Starboard to Start Proxy Fight to Remove Yahoo’s Board - jackgavigan
http://www.wsj.com/articles/starboard-to-start-proxy-fight-to-remove-yahoos-board-1458789958
======
chollida1
This is the equivalent of VC's throwing out the companies founders and
replacing them with someone else that the VC wants to run the company.

I think I've written the same comment about 4 times now, but Starboard is a PE
firm that knows what they are doing here. Nothing in life is certain, but I
doubt they would go activist in this way if they didn't have a very strong
feeling that they would get the required votes.

Their position is that under Mayer all Yahoo has done is lose money, with
their BABA position inflating their earnings to make YHOO look profitable.
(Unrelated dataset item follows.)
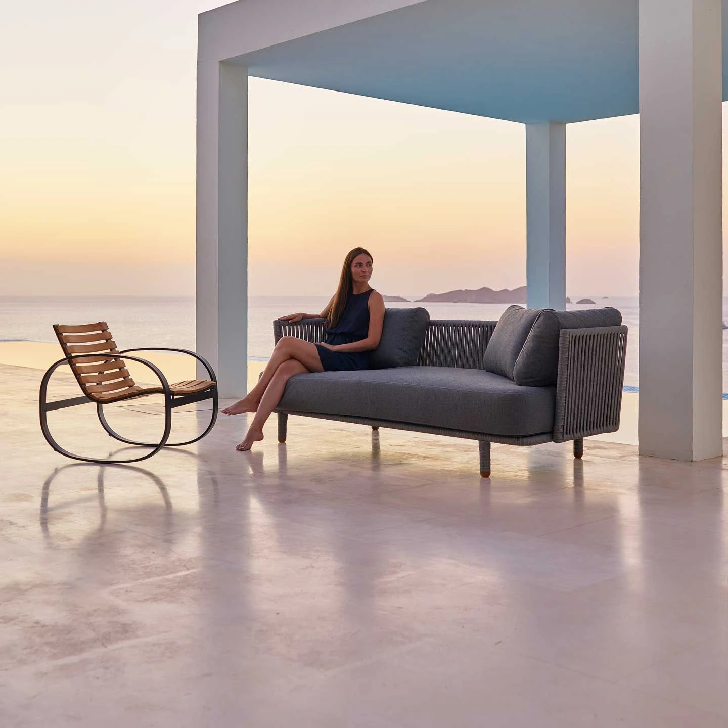 Moments 3 Seater Sofa is designed by the Danish design duo Foersom & Hiort-Lorenzen MDD. Moments is setting new standards for multi flexible design with its elegant minimalistic Scandinavian design. It is produced with Cane-line Soft Rope and Softtouch QuickDry cushions. The Cane-line QuickDry system is a special technique for your comfort – after approx. one hour from rainshowers cushions are dry again.
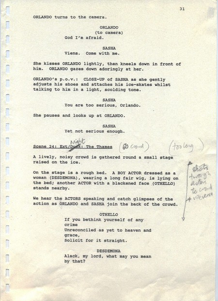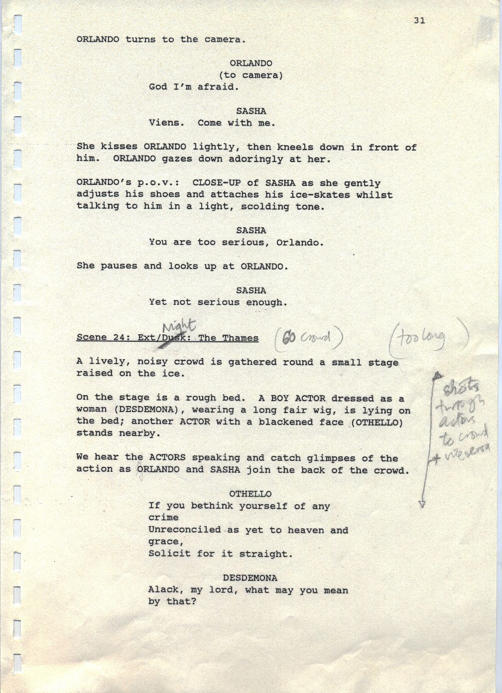 Description Revised draft script for Orlando, black printed text on white A4 paper with annotations in pencil, page 31, front

I think most people believe that YHOO is now a walking zombie and will go
bankrupt given enough time, Starboard is attempting to short circuit this and
force a sale of the profitable assets, essentially returning money to
shareholders before the company goes under.

I mean anyone want to try to make the point that Yahoo as it exists can turn
around? I mean they've already tried layoffs, acquisitions, closing
unprofitable business units. What's left to try?

That's kind of shitty if you are an employee but to be fair, I haven't heard
anyone put out a believable plan that turns YHOO profitable and its hard to
ask existing share holders to essentially pay for people to have jobs until
their entire equity is gone.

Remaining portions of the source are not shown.